The migrant culture of Japan and your relationship with it

Migrant/immigrant/expat, whatever you wish to call yourself.

Do you find that the above culture is steered by any one particular group?

Personally, I find that a lot of issues/opinions/outlooks are viewed through an exclusively conservative lens – particularly from content posted by US men.

Does it frustate you that English speaking media here appears to cater towards their demographic and could be more inclusive?

Are the differences between that demographic and everyone else cultural or political or generational?

Thanks.

ETA

Just to say a big thanks for all taking part. I am glad that there are different views than mine, which may be skewed by consuming the English speaking media and online. Always appreciate the chance to learn more, regardless of age/outlook etc.

41 comments
  1. English media in general is mostly written by US men… because that’s the largest native English-speaking demographic.

    I would also be very careful of painting the “migrant culture of Japan” like that, because the vast majority of foreigners in Japan don’t speak English (and hence might as well be invisible to English media and especially user-generated media like social media) and aren’t men. The unspoken assumption in English media about who a “foreigner” is in Japan couldn’t be further from the truth of what an average foreigner in Japan is like.

  2. Really depends on the circles you’re in. I work in the public sector, affiliate with American and international diplomatic groups, and am then drinking buddies with clerks in environmental accounting. These are western-educated people, generally left or left-adjacent, and aside from discussions on how to materially counter China, it’s very much a peace, love, and understanding attitude towards the above issues.

    However, the fact that there are recently so many test cases of applying left/liberal policy positions in Japan shows the fact of the matter is that it’s still a conservative place.

  3. > Does it frustate you that English speaking media here

    So your hope is Japan times today or whoever, suddenly gets resources and inclination to do Guardianesque deep dive exposes of the trainee system?
    For their readership of English speaking Japanophiles and bitter mono-lingual expats.

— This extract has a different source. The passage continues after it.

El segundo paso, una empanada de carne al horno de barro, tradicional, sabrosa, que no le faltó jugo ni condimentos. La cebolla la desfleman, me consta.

    Well. That’s not gonna happen until ALTs get folded into the trainee system sometime around 2035.

    A better question might be am I frustrated with the lack of main stream Japanese media giving attention to the plight of foreigners. Especially economic migrants. It’s getting slightly better. Still a mountain to climb.

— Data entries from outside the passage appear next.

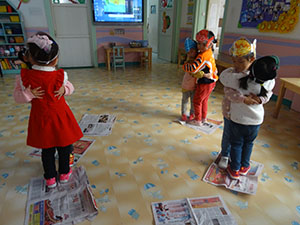 小鱼游啊游,快快乐乐找朋友,今天老师组织我们一起进行游戏《报纸游戏》,音乐响起,大家围着“快乐岛”开心的游啊游,音乐停下时,两只小鱼同时站在“快乐岛”上,相互拥抱。小朋友们都特别喜欢这个游戏,玩的开心极啦!通过这个活动让幼儿积极地参与活动,喜欢与同伴合作游戏。
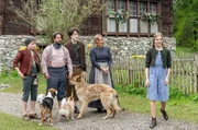 Die drei KönigskinderBei der Geburt wurden die drei Königskinder durch Hunde ersetzt – hier treffen sie zusammen mit ihren „Hundegeschwistern“ auf die Pflegeeltern Emmi (Sonsee Neu) und Hans (Adam Bousdoukos). (v.l.n.r. Fritz (Caspar Kryzsch), Hans (Adam Bousdoukos), Theo (Maximilian Ehrenreich), Emmi (Sonsee Neu) und Lotte (Hedda Erlebach) mit den drei Hunden von König Alexander)Bild: © SWR/Patricia Neligan
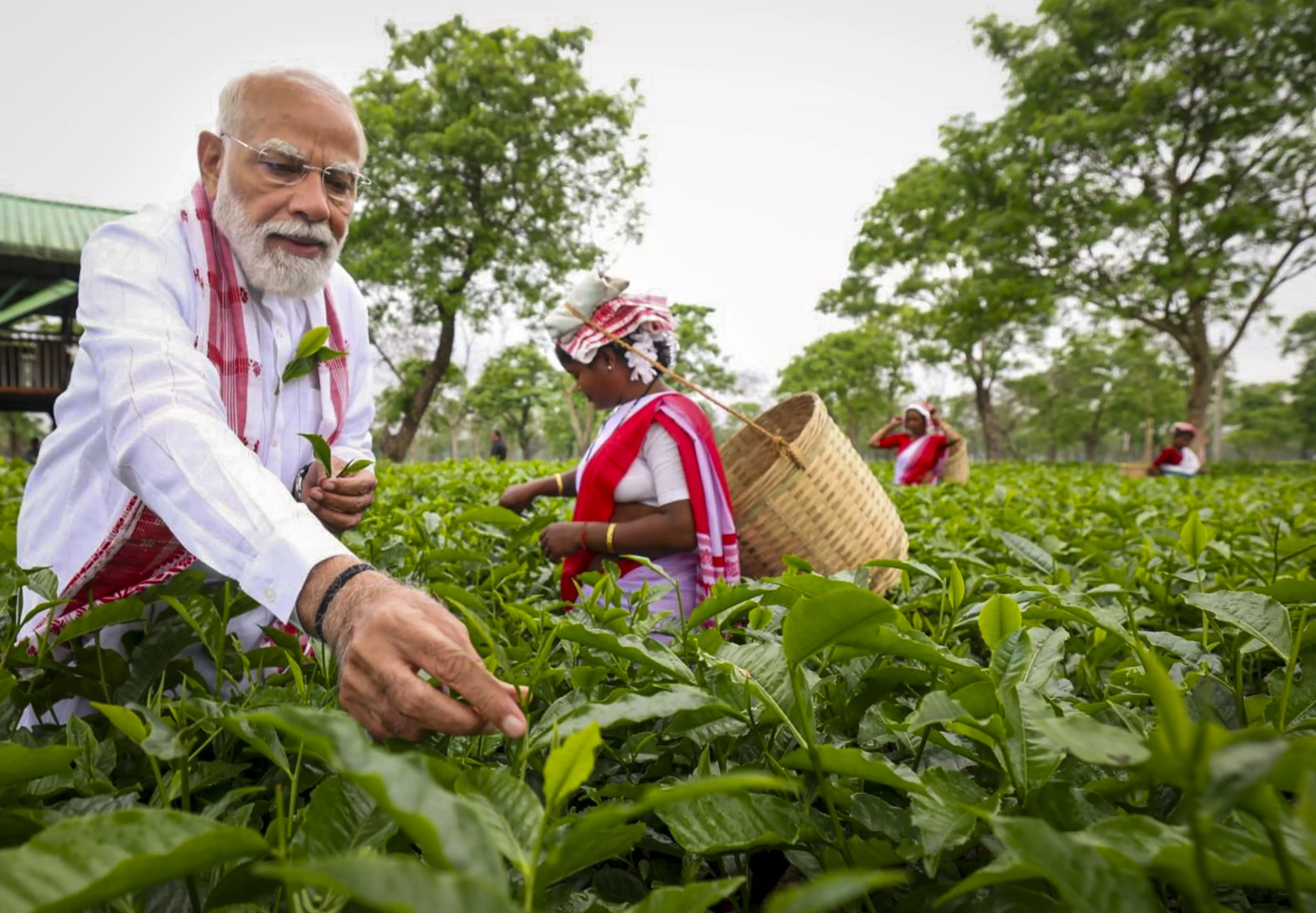 Modi was also seen plucking tea leaves with a group of women attired in traditional white and red bordered sarees.

  4. >Personally, I find that a lot of issues/opinions/outlooks are viewed through an exclusively conservative lens – particularly from content posted by US men

    For example?

  5. What do you mean by conservative? Social issues? Economic issues?

    I’d expect that any “expat” community of highly paid foreigners would generally lean towards the economic right just because they get taxed more, so that sounds about right. As for social issues, if anything I’d say that western immigrants in Japan are much more socially liberal than their Japanese coworkers, or at least in the accounting/consulting industry.

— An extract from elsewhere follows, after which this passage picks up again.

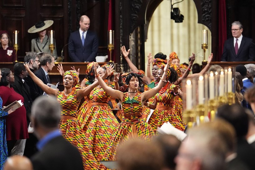 AlamyThe African Choir of Norfolk sing during the installation service in Canterbury Cathedral, on Wednesday. The Prince and Princess of Wales, and the Prime Minister, look on

    I have even less experience with the English teaching community, but they seem a lot more socially and economically liberal just for being relatively recent college grads with lower paying jobs.

    Can’t say much about the English media, though. I don’t really bother reading English media about Japan. Western media in English, Japanese media in Japanese does it for me.

  6. My country has one of the biggest foreigner community in Japan, at least by number. The majority consume media in our native language and or Japanese. Because of that, we couldn’t care less what demographic English speaking media caters to.

  7. for reddit yeah.

    But I am not from a English-speaking country nor a white male so in real life not so much

    ​

    HOWEVER, the conservative lens part – I think it is dominant almost everywhere in real life unless you actively select your community

  8. There are multiple migrant cultures in Japan that don’t intermingle very much, we are pretty far off of a melting pot here. Just to ramble a bit:

    * The Vietnamese are the new wave and they’re vibing, looking to build opportunities and just doing their thing. A couple of Vietnamese colleagues have told me stories, big party culture and a lot of drinking and unfortunately, they feel very marginalised by mainstream Japan.
    * The Sinosphere is huge and long-established here with in-group tensions particularly between mainlanders and HKers/Taiwanese. Anecdotally, it seems some members of the Chinese community in Japan really resent the recent influx of Vietnamese.
    * Koreans do their best to just fly under the radar, tend to learn Japanese the quickest and integrate well, especially with the existing Korean community here.
    * Westerners in Japan aren’t necessarily a united migrant culture. There are racial, values-based, economic and generational gaps within us too. Second year JETs don’t really mingle with business folks who arrived in the 90s. Westerners are privileged and recieve a lot less shit than other groups.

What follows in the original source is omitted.